### PROVIDED DATA:
————

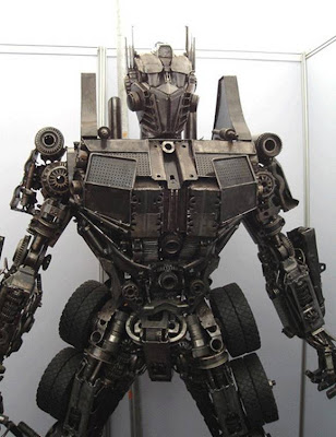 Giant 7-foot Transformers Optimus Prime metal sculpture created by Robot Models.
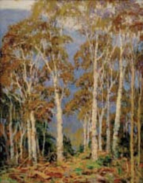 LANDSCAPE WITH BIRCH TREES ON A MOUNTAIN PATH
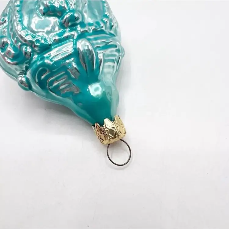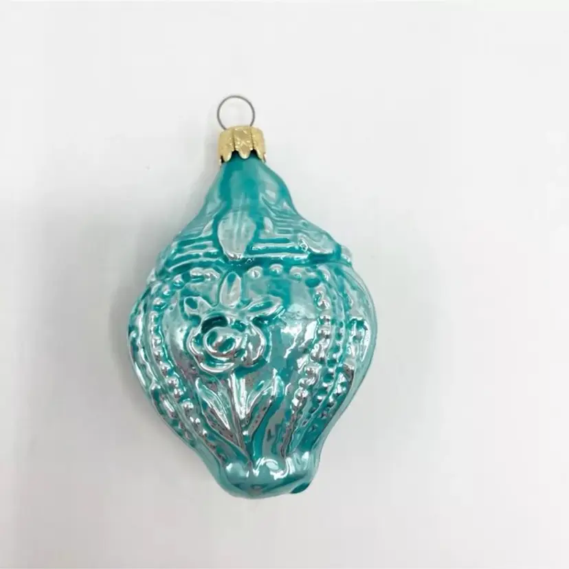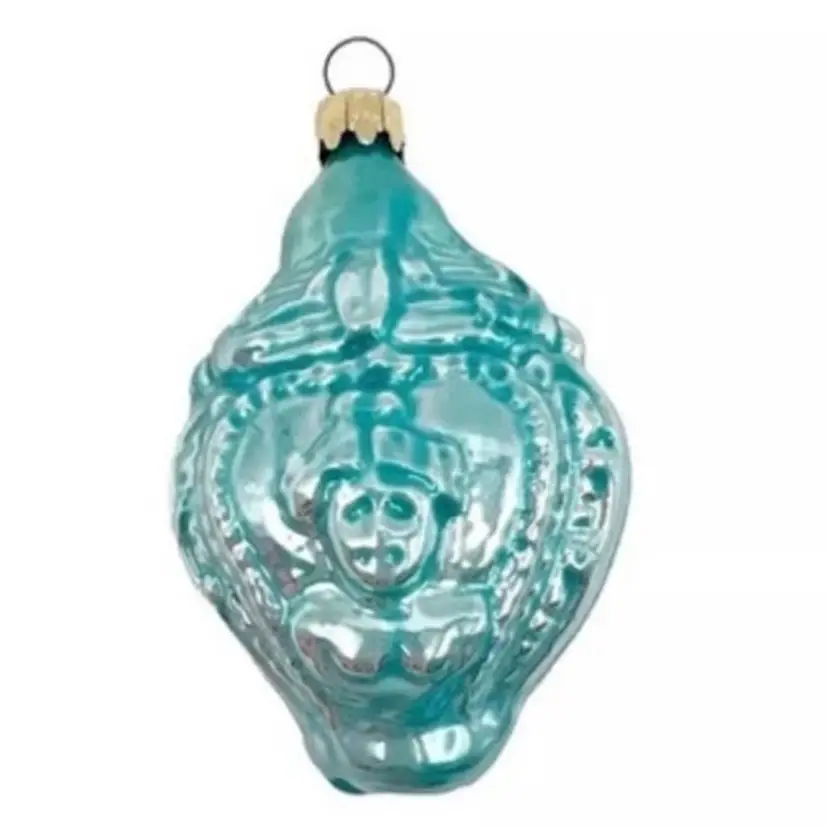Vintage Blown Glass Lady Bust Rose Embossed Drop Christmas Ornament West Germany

————

### YOUR GOAL:
Nothing but the lines from the one containing "LANDSCAPE WITH BIRCH" through the last line of the listing should be copied, each word for word and without pictures.

### REPLY:
 LANDSCAPE WITH BIRCH TREES ON A MOUNTAIN PATH
Vintage Blown Glass Lady Bust Rose Embossed Drop Christmas Ornament West Germany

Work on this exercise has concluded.